I have a 1 year old daughter. She is feisty and strong willed. She knows what she wants and will stop at nothing to get it. She regularly bites off more than she can chew - not always a good idea when the meal is the arm of a big brother with 3 more years combat experience. My wish is that this determination never leaves her. But how to keep my little fighter fighting?
Growing up, I was told I would never become a doctor. They told me I couldn’t and I did. It was as simple as that. For most of my life, it genuinely baffled me why women could simply not just achieve anything a man could. We are both human. What was the difference? The difference, I was told, was that as a woman, I could never “have it all”. A demanding career combined with raising children, meeting their needs and running a household were incompatible. Something had to be sacrificed. Again, they told me I couldn’t and I did.
Having children is the best choice I have ever made but in my rush to prove the doubters wrong, to have it all and to do it all, I wonder if perhaps I am doing nothing well. Am I consigned to a fate of always disappointing someone, at work or at home? Or is doing my best enough? In my experience, working mothers are some of the most reliable and hardworking colleagues. They have more to prove and more to lose. To work and be a mother means sacrifice. It means missing out on those important milestones, those small moments that make your heart sing. As a working mother there is a heart-wrenching choice of desperately wanting to be at home with my babies and desperately wanting to do what I love and what I trained for. Both make me feel alive, both make me tick.

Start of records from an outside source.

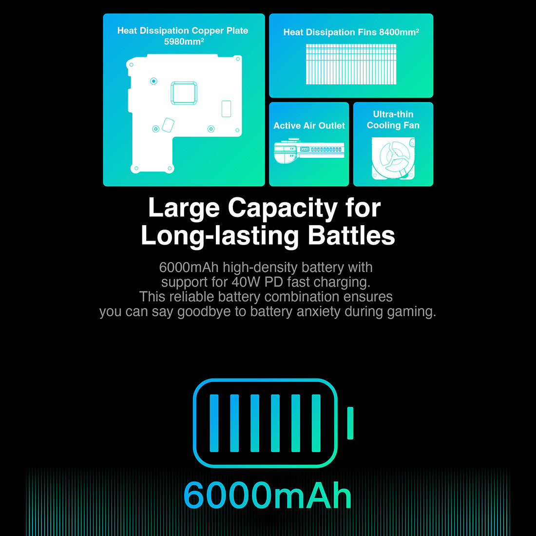 .Fast Charging & Long Battery Life: Equipped with a 6000mAh high-capacity battery and 40W fast charging, the Pocket ACE ensures extended gaming sessions without interruption.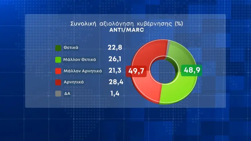 Το 48,9% αξιολογεί θετικά την κυβέρνηση ενώ αρνητικά την κρίνει το 49,7% των ερωτηθέντων. Στην αξιολόγηση για τον ΣΥΡΙΖΑ το 74,2% κρίνει αρνητικά το κόμμα της αξιωματικής αντιπολίτευσης.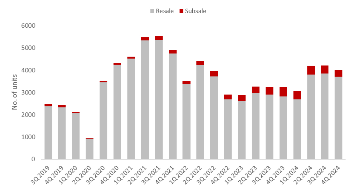 Sub-sales of private homes (excluding ECs) also fell over the quarter. Based on latest data from URA, a total of 311 sub-sale transactions were recorded for 4Q 2024, reflecting 11.6% q-o-q decline from the 352 transactions in 3Q 2024.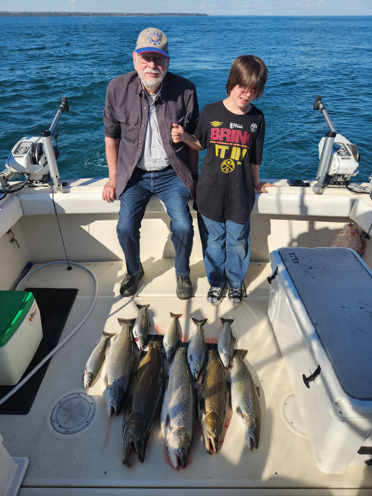 Our biggest fish caught per species were Chinook salmon at 27 pounds. This was also our biggest fish of 2025. We caught this fish in mid August in 50 feet of water. The mature Chinook salmon were down in size and averaged 15 pounds. Brown trout cam in at 23.5 pounds and this was the second biggest fish we boated. We also boated a 23, 22 and 21.5 pound Brown's. These came in at 3rd through 5th place for biggest of the year. Lake trout was 21 pounds. We had several Lake trout in the 15 to 19 pound range as well. Rainbow trout was 14.5 pounds. Coho salmon was 7.4 pounds. We caught a lot of Coho salmon and they were good size to start the spring but the average was about 5.5 pounds during the summer. The size of fish was down from the last several years but the fish were healthy and the catch rate stayed solid the entire year. This to me is a good trade off.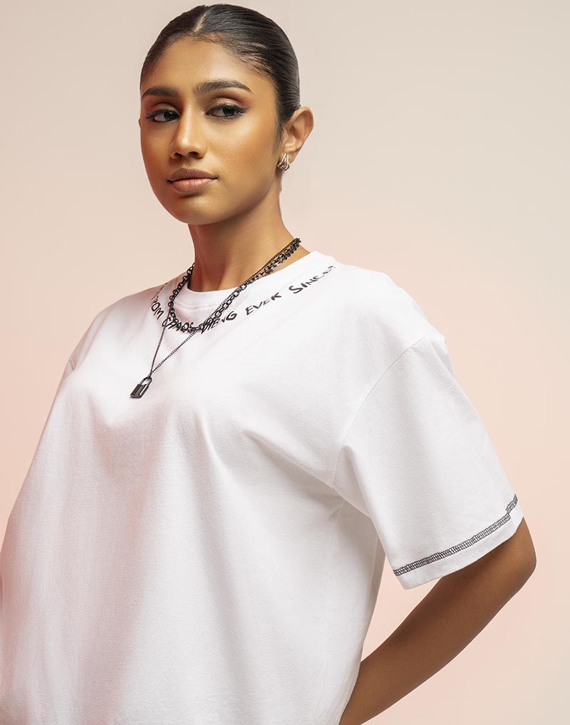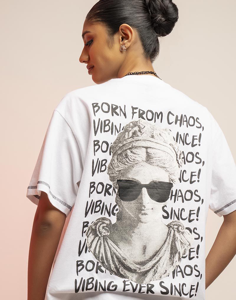 Make a statement with this bold graphic tee! The oversized t-shirt features a striking print of a classical statue with a modern, glitch-art twist. The "goddess energy" text adds a powerful and confident vibe. It's the perfect top to pair with anything for an effortlessly edgy look.

I work in an overwhelmingly male-dominated area of medicine: cardiac anaesthesia and pre-hospital medicine. Pre-hospital medicine requires a physical and mental fitness that is not required in the hospital arena. I can be working in hostile environments, forced to think and act in moments, seconds. I am required to make decisions quickly and with very little information. Decisions which can potentially have a lasting impact on a patient’s life. And lets face it - I don’t work in one of the safest environments...

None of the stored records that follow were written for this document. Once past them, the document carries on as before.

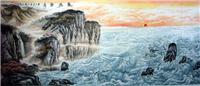 第一字画网的八尺山水风景国画,这是一幅大气磅礴的作品,彩墨交融,墨色清雅,是刘淋老师的实力作品。瀑布山水风景画若裱完后尺寸达到2.8米左右,如果放在画廊出售,咏茗老师此幅小八尺山水风景国画的标价在4800元左右。这幅作品适合挂在家里的客厅、或公司的会议室,能看出是幅效果水准颇高的小八尺山水佳作。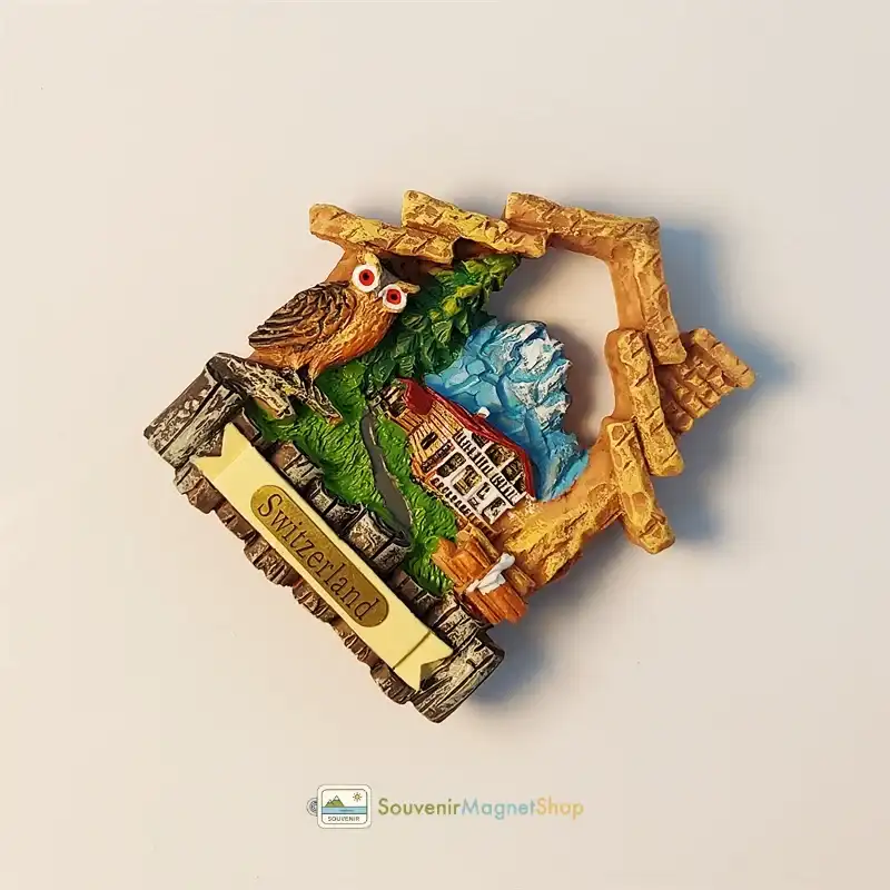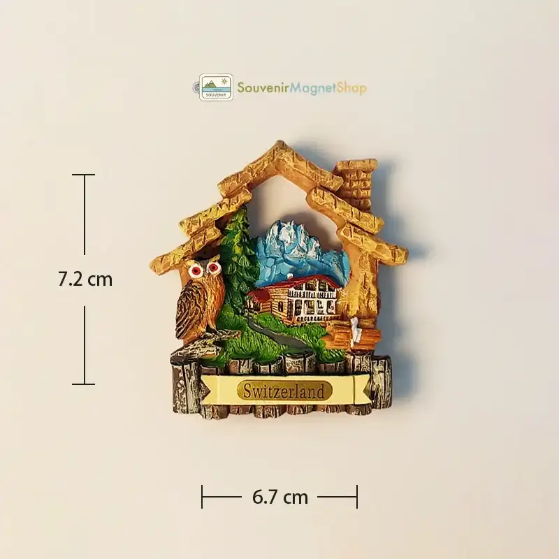 Crafted from high-quality 3D resin, this fridge magnet showcases meticulous hand-painted details. The design vividly depicts a wise owl perched amidst a picturesque Swiss landscape, complete with snow-capped mountains, lush greenery, and a traditional chalet. It’s a delightful miniature scene that brings the magic of Switzerland to your home.
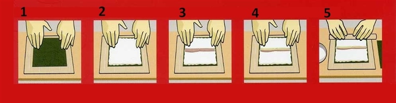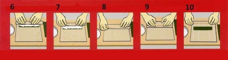 5-6-7. Nori zorgvuldig en gelijkmatig met behulp van bamboemat met lichte druk van het lichaam af oprollen.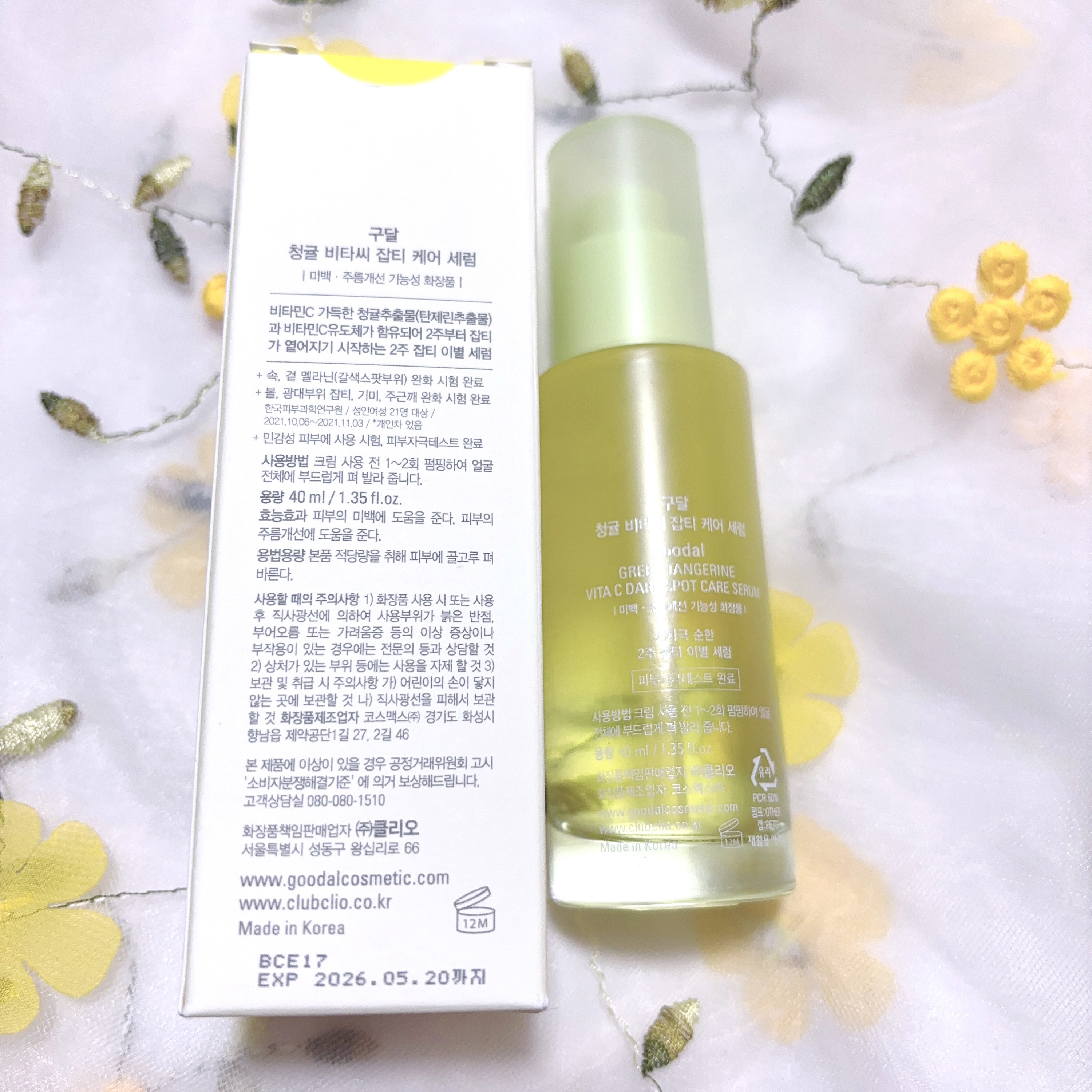 - ◆グーダル グリーンタンジェリンビタCダークスポットケアセラム 40ml 累積販売数:650万個*1 グーダルならではの厳格な基準*2を通過したこだわりの新鮮な済州無農薬青ミカンを直接収穫してAir Bubble Brewing工法で抽出 。生き生きとした印象の肌に。青みかんエキス(タンジェリンエキス)70%配合。乾燥によるくすみをケアし、透明感のある肌に導きます。 お肌のキメを整えるための整肌成分であるビタミンB3(ナイアシンアミド)が既存のグーダルグリーンタンジェリンビタCシミセラムプラスの2倍である4%になりました。 *1:2018.02~2023.09 全チャンネル販売数量基準|リニューアル製品を含む *2:7月中旬から8月中旬の間に獲れたての青ミカンの鮮度を現場ですぐに評価して選別し、超低温で管理、低い温度から直接抽出する青みかんエキス(整肌成分) <酸度>:㏗測定器、リトマス紙使用/酸度3.0~4.0かを確認 <果皮水分含量>:鮮度評価指標で皮の水分含量を測定

My work on the rescue helicopters has invoked much judgement, none more so than when I became a mother. “Are you sure you want to do that now that you have a family?” and “What about your kids, it’s so dangerous, isn’t that irresponsible?” Well yes, as I am perched on the ledge of a helicopter 200 feet in the air ready to step out and have a piece of wire lower me to the ground, I do wonder why. Why am I placing my children’s mother at risk?
But then, as I am lowered down to meet a stranger having the worst day of their life, I am reminded that I am not just the “children’s mother”. I am that girl that was told she couldn’t and did. I am that girl that from the age of 4 desperately wanted to be a doctor and was unwavered in her approach until she achieved what she needed to achieve. I am that girl that wants to inspire my daughter to reach her dreams.
And as I am working back late for the third night in a row, for reasons beyond my control, the voices of those around me are ringing in my ears: “your children are little for such a short time, you are going to live to regret this” “you cannot have it all” “at the end of the day, kids are always going to want their mum” BUT I have never met a patient in cardiac arrest who is wanting to discuss my life choices and when I come home, eventually, I am greeted by four little feet running up to me, throwing their arms around me and are happy to have me in that moment. And in that moment, I am enough.